The new approach, using a source in WGS84 (aka geographic, equirectangular or plate carrée) projection proved feasible, but a few important parts were still missing. OpenLayers draws a map also outside of the projection area, so the next goal was to render a mask layer to hide these redundant outside parts. But after fighting hours with projection calculations at the antimeridian, I gave up for now.

Day 2

As a next step, we moved on to a vector tile implementation and analyzed the code path where reprojection of vector tiles should be done. This proved to be way more complicated than I expected and I had to hand over my plan to implement this to Andreas.

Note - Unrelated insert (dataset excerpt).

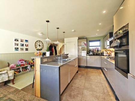 * Architectural Kitchen/Diner: The heart of the home is the stunning rear extension. It features handleless cabinetry in a soft flint gray, integrated appliances including a five-ring gas hob and double oven, fridge/freezer, dishwasher, gas fired central heating boiler and a striking wooden-clad island with pendant lighting. There is a further cupboard housing washer and dryer. Wood panelled walls. Full width floor to ceiling patio doors which frame the garden perfectly, creating a seamless connection to the outdoor terrace.

My next part was an experimental implementation of OpenLayers support for projection functions in addition to static projections. With Andreas' help I was able to build a partially working prototype, but it looked like an endless endeavour to fix all parts of OpenLayers where a static projection was assumed. So we decided to go back to the previous implementation, which updates the OpenLayers view on panning events.

Day 3

After working with raster tiles and initial experiments with vector tiles, I've started a new OL example, reprojecting a thematic map with a GeoJSON vector data source. GeoJSON uses geographic (WGS84) coordinates, which is a good starting point for Equal Earth or other projections. The first steps went well, but soon after changing the center meridian, the first ugly rendering glitches appeared.

To find out whether Proj4js was the guilty party, I've tested the same GeoJSON with QGIS, which uses Proj as projection library.

Since Proj4js is a Javascript port of PROJ, having the same glitches with QGIS didn't tell us whether the projection library itself causes these artifacts, or both rendering engines have problems with geometries crossing the antimeridian in non-rectangular projections.

As a next step, we've experimented with the projection functions of D3, which seems to be more robust in rendering GeoJSON data in different projections. But after a good hour of trying to understand how D3 handles projections, we decided to end the experiment and to add a preprocessing step of splitting geometries at the current antimeridian instead. Using clipping functions from Turf this didn't require many lines of code, but produced a few invalid geometries which either ended in holes or new rendering artifacts.

Day 4

Having a movable map with only a few glitches left, we concentrated on making the dynamic reprojection smoother when panning the map. We've ended up at 5° projection steps based on the change:center event of the view.

Andreas was able to show WGS84 tiles reprojected to Web-Mercator. This doesn't look very impressive, but is a major step for supporting other display projections. Unlike Web-Mercator, Equal Earth has non-rectangular bounds and therefore also distorts the rectangular source tile grid. There will be difficulties at the projection border and additional clipping at the projected tile borders may be needed. Andreas plans to work on this the coming weekend, let's see how far he will get!

After a last beer I've entered my train back to Switzerland, with the plan to replace Turf clipping with clamping coordinates at the projection boundaries and making the example ready for a pull request.

So hopefully, our code will be public soon and then it's time to think about the next steps.